IEEAC Dept. (ESI-UCLM), P de la Universidad 4, Ciudad Real, 13071, Spain.
IEEAC Dept. (ETSII-UCLM), Avda. Camilo José Cela s/n, Ciudad Real, 13071, Spain.
Comput Methods Programs Biomed. 2023 Jun;235:107528. doi: 10.1016/j.cmpb.2023.107528. Epub 2023 Apr 5.
This paper presents the quantitative comparison of three generative models of digital staining, also known as virtual staining, in H&E modality (i.e., Hematoxylin and Eosin) that are applied to 5 types of breast tissue. Moreover, a qualitative evaluation of the results achieved with the best model was carried out. This process is based on images of samples without staining captured by a multispectral microscope with previous dimensional reduction to three channels in the RGB range.
The models compared are based on conditional GAN (pix2pix) which uses images aligned with/without staining, and two models that do not require image alignment, Cycle GAN (cycleGAN) and contrastive learning-based model (CUT). These models are compared based on the structural similarity and chromatic discrepancy between samples with chemical staining and their corresponding ones with digital staining. The correspondence between images is achieved after the chemical staining images are subjected to digital unstaining by means of a model obtained to guarantee the cyclic consistency of the generative models.
The comparison of the three models corroborates the visual evaluation of the results showing the superiority of cycleGAN both for its larger structural similarity with respect to chemical staining (mean value of SSIM ∼ 0.95) and lower chromatic discrepancy (10%). To this end, quantization and calculation of EMD (Earth Mover's Distance) between clusters is used. In addition, quality evaluation through subjective psychophysical tests with three experts was carried out to evaluate quality of the results with the best model (cycleGAN).

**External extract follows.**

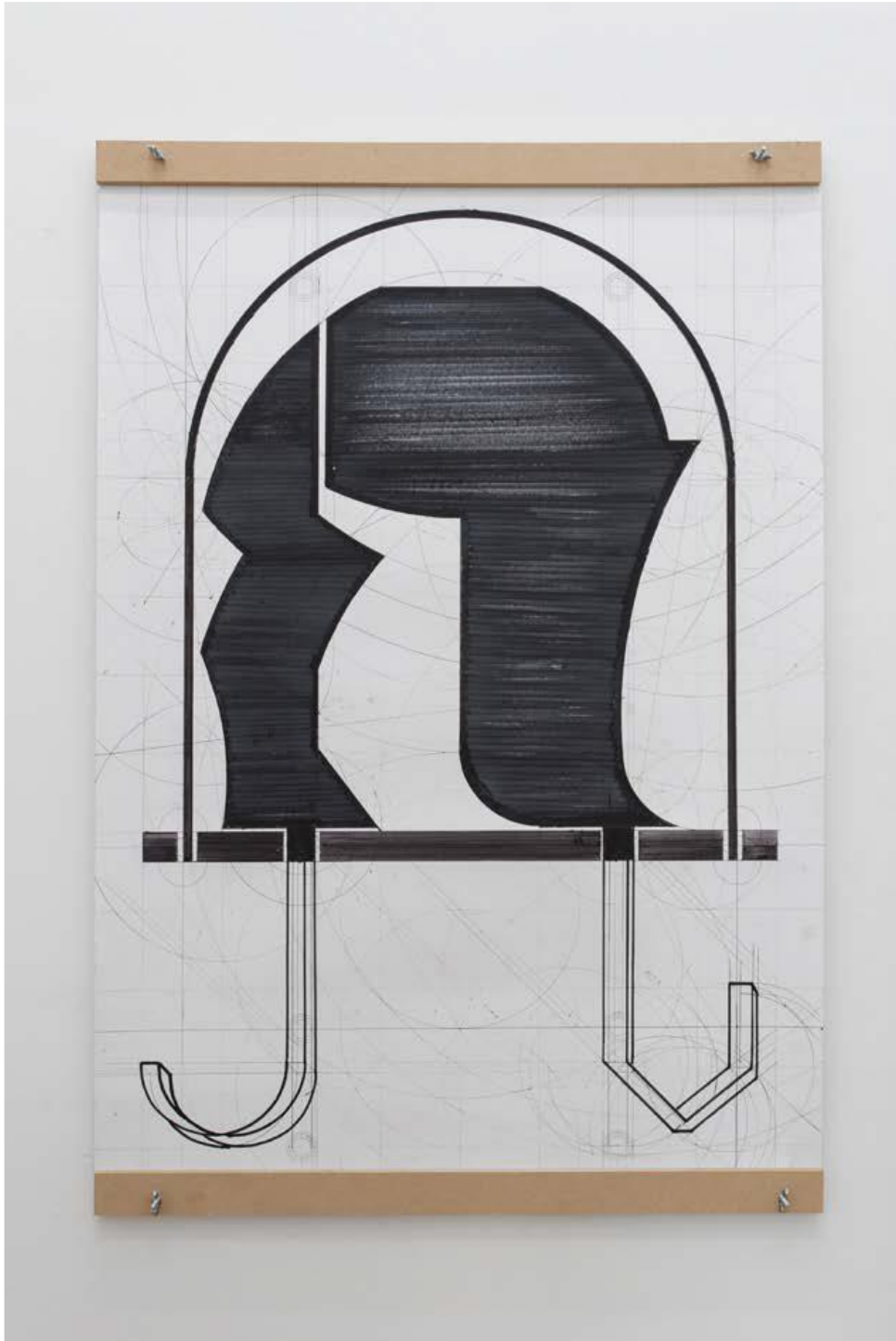
Afolampe , Jean Katambayi, Dessin, bic et marqueur sur papier, 100 x 70 cm, 2016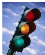
Feu rouge ou drapeau rouge Les voitures réduisent immédiatement leur vitesse et se dirigent lentement, sans doubler, vers la voie des stands

The results can be satisfactorily evaluated by metrics that use as reference image a chemically stained sample and the digital staining images of the reference sample with prior digital unstaining. These metrics demonstrate that generative staining models that guarantee cyclic consistency provide the closest results to chemical H&E staining that also is consistent with the result of qualitative evaluation by experts.
本文比较了三种数字染色(也称为虚拟染色)生成模型在 H&E 模式(即苏木精和伊红)下对 5 种乳腺组织的定量表现。此外,还对最佳模型的结果进行了定性评估。该过程基于多光谱显微镜拍摄的未经染色的样本图像,这些图像经过先前的降维处理,降为 RGB 范围内的三个通道。

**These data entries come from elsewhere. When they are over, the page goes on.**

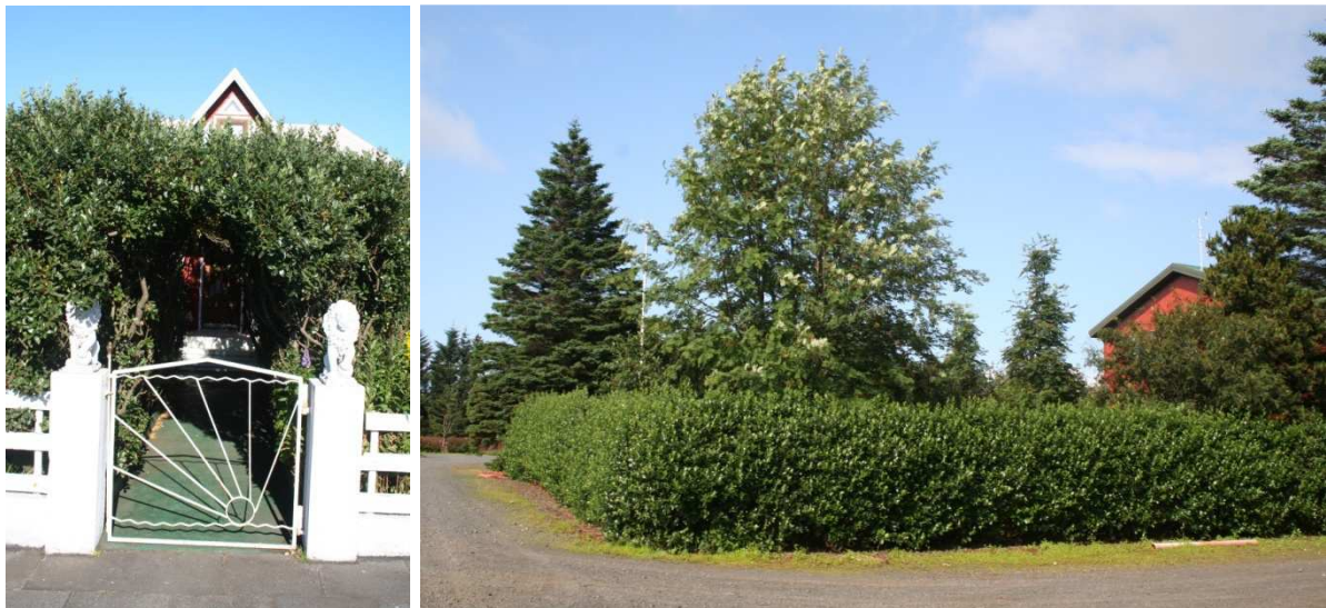
Brekkuvíðir í limgerði í Vestmannaeyjum t.v. og í Reykjavík t.h..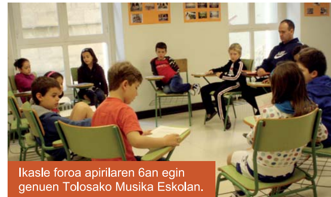
Ikasle foroa apirilaren 6an egin genuen Tolosako Musika Eskolan.

Herriaren diagnosis egin ondoren, udalbatzarrera eraman ditugu ikasleen foroan adostutako emaitzak eta atera ditugun ondorio nagusiak hauek izan dira: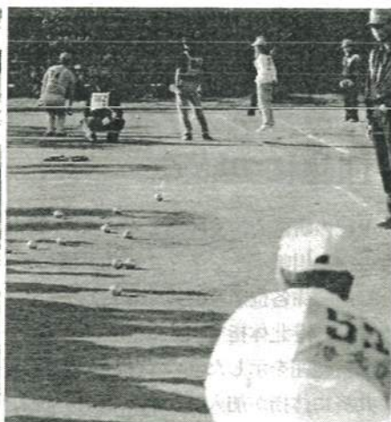
熱戦の続いた午後のトーナメント戦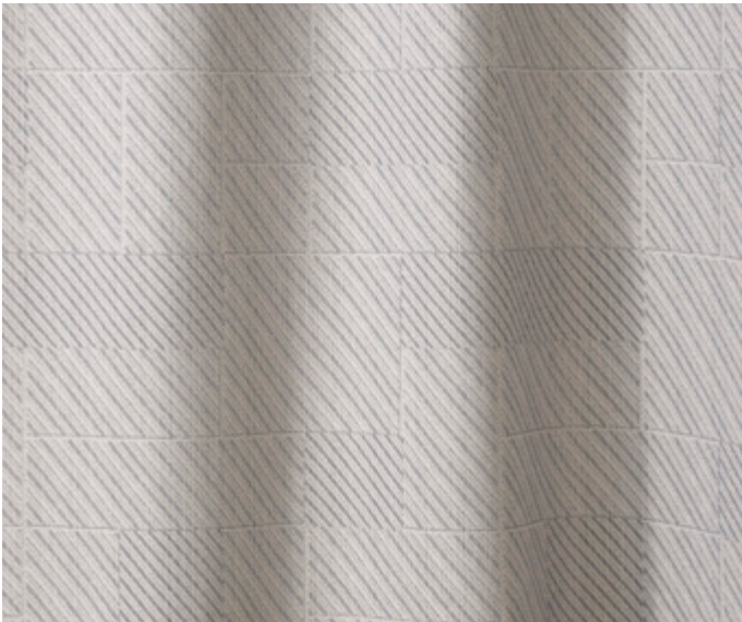
Utopia 100 % Polyester FR 10 Farbstellungen 300 cm breit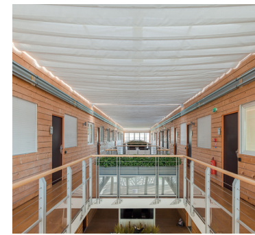
FÉDÉRATION FRANÇAISE DU BÂTIMENT 45 Olivet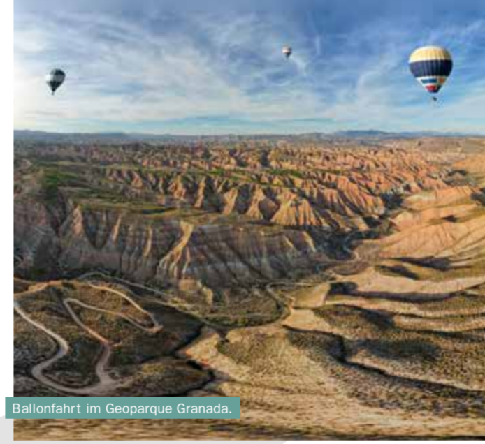
Ballonfahrt im Geoparque Granada.

所比较的模型基于条件生成对抗网络(pix2pix),该网络使用有/无染色的图像进行对齐,以及两个不需要图像对齐的模型,即循环生成对抗网络(cycleGAN)和基于对比学习的模型(CUT)。这些模型是基于具有化学染色和相应数字染色的样本之间的结构相似性和色度差异进行比较的。通过获得的模型对化学染色图像进行数字去染色,实现了图像之间的对应关系,以保证生成模型的循环一致性。

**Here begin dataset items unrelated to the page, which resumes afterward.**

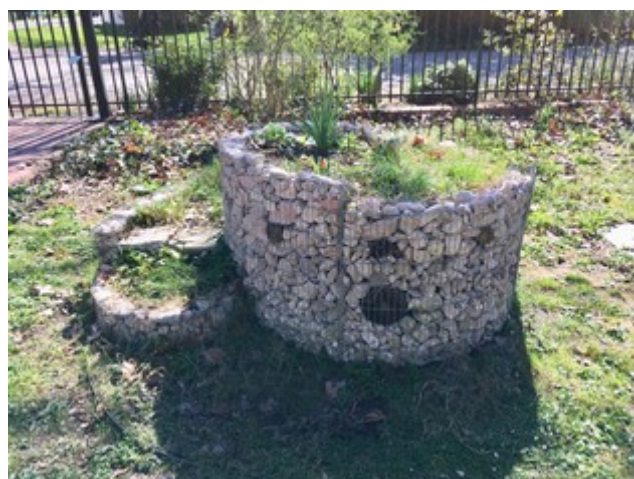
Exemple du jardin botanique Henri Gaussen à Toulouse

Une quarantaine de plantes pourront être plantées dans la spirale.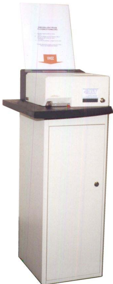
Celkový pohled (model 756)

Zařízení umožňují další zvýšení komfortu obsluhy klientů a racionalizace práce v bankách včetně rozšíření nabídky na př. v samoobslužných zónách.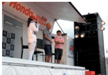
NEW STEP WGN「ススメ!家族の冒険プロジェクト」よしもとスペシャルステージに人気お笑い芸人の田村亮さん(中)と山崎邦正さん(右)が登場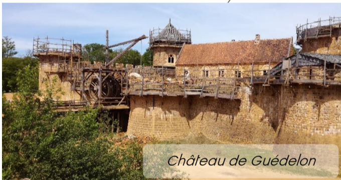
Château de Guédelon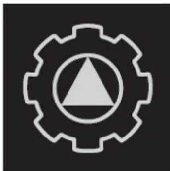
Insigne vum Pompier de support

De Pompier de support huet Urecht op eng Insigne, deen hien am Kader vu sengen Aufgaben als solchen ausweist.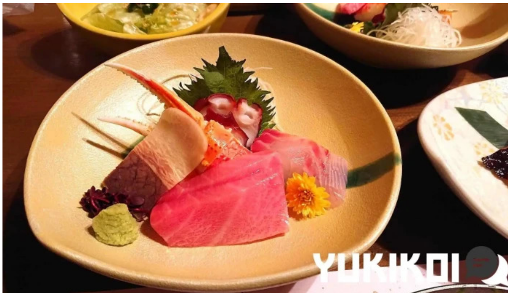
司寿司 料理飲み物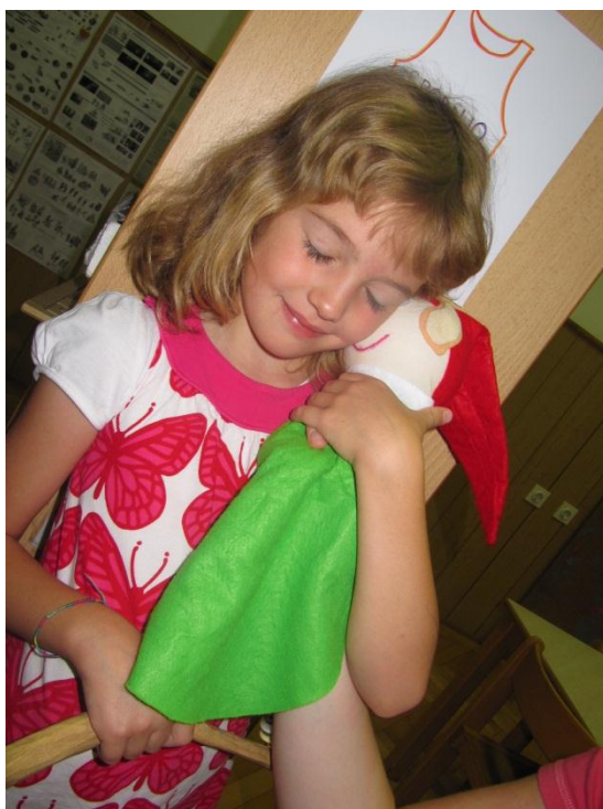
Slika 18: Deklica se posavlja od škratka Pesmice.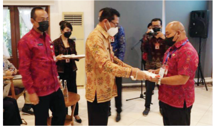
Pelatihan peningkatan kapasitas pemangku kepentingan pengelolaan sampah terintegrasi dan berkelanjutan di Kabupaten Tabanan, Bali.

Berbagai regulasi sudah dikeluarkan sejak 2013 hingga 2021, termasuk Pergub Nomor 47 Tahun 2019 tentang Sampah Berbasis Sumber yang terus-menerus disosialisasikan ke masyarakat, namun tentunya membutuhkan partisipasi yang tinggi dari seluruh masyarakat.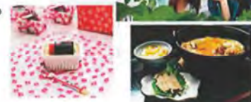
(写真は全てイメージです)

※お子様メニューはありません。幼児の方の食事は別注(各自払い)にてお願いいたします。 信玄餅の詰め放題は保護者の方と一緒にお願いいたします。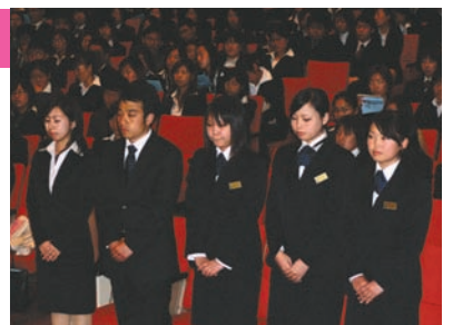
▲在校生の成績優秀者の表彰

对三种模型的比较证实了对结果的视觉评估,表明 cycleGAN 在其与化学染色的更大结构相似性(结构相似性均值 SSIM∼0.95)和更低的色度差异(10%)方面具有优越性。为此,使用量化和计算聚类之间的 EMD(Earth Mover's Distance)来进行。此外,通过三位专家进行主观心理物理测试对质量进行了评估,以评估最佳模型(cycleGAN)的结果质量。
可以使用将化学染色样本作为参考图像,并对参考样本进行数字去染色后的数字染色图像作为参考的指标来对结果进行令人满意的评估。这些指标表明,保证循环一致性的生成染色模型提供了最接近化学 H&E 染色的结果,这也与专家的定性评估结果一致。